![union concatenation kleene star order union concatenation kleene star order](http://image2.slideserve.com/5332710/slide26-n.jpg)
In BRE syntax, all characters are literal except. This is the syntax used by the Unix commands grep and sed. Let's take a look at some of the common ones.īasic Regular Expressions (BRE). It's nearly impossible to determine what a given RE means without knowing which tool is supposed to use it. Now the bad news: there are a plethora of incompatible regular expression syntaxes and feature sets in common use. The character class ] is particularly useful: it matches any character which is displayed as whitespace (spaces, tabs, carriage returns, etc.). Never try to use a range of letters in a bracket expression like or unless you're operating in the C locale. Therefore, modern implementations of egrep provide class names instead: In the case of digits, there's not much danger but in the case of letters of the alphabet, ASCII ordering cannot be safely assumed.
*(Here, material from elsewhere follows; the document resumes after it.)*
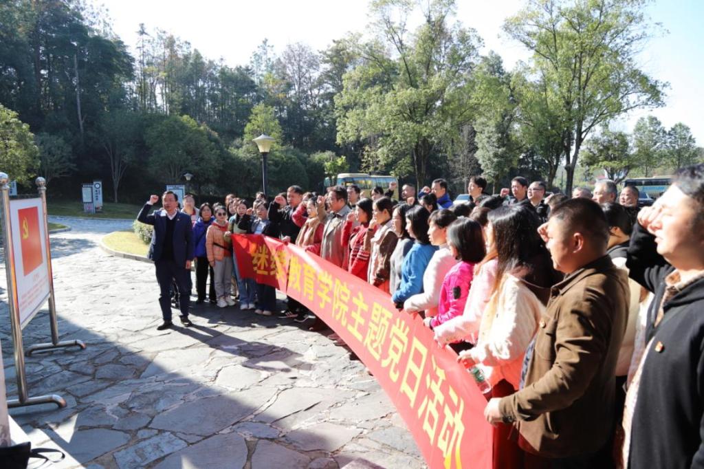 全体党员乘坐大巴抵达李维汉同志故居及陈列馆进行参观学习。在庄严肃穆的李维汉故居前,学院党委书记刘思强带领全体党员,面对鲜红党旗,重温入党誓词。铿锵有力的誓言回荡在故居上空,表达了全体党员坚守初心、担当使命的坚定决心。

However, this relies on the ordering of characters. The resulting expression matches any single character that falls within the specified range. The syntax is called a character class or a bracket expression, and specifies an implicit union operation.
![union concatenation kleene star order union concatenation kleene star order](https://image3.slideserve.com/6177403/operace-kleene-star-l.jpg)
For example, in egrep, our previous example could be written: Most RE implementations have shortcuts to greatly reduce the length and ugliness of common expressions.
![union concatenation kleene star order union concatenation kleene star order](https://userpages.umbc.edu/~squire/images/re2.gif)
(The parentheses introduce a feature known as grouping.) Obviously, in order to have any practical use, these features must be combined together. RE a* matches the empty string, or an input string of a, or an input string of aa, etc. RE a|b matches an input string of a or an input string of b. Here are some examples of the three required features, using this syntax:Ĭoncatenation. We'll start with the syntax used by the Unix command egrep, because it's probably the most common.
![union concatenation kleene star order union concatenation kleene star order](https://image.slideserve.com/937867/role-of-various-representations-for-regular-languages-l.jpg)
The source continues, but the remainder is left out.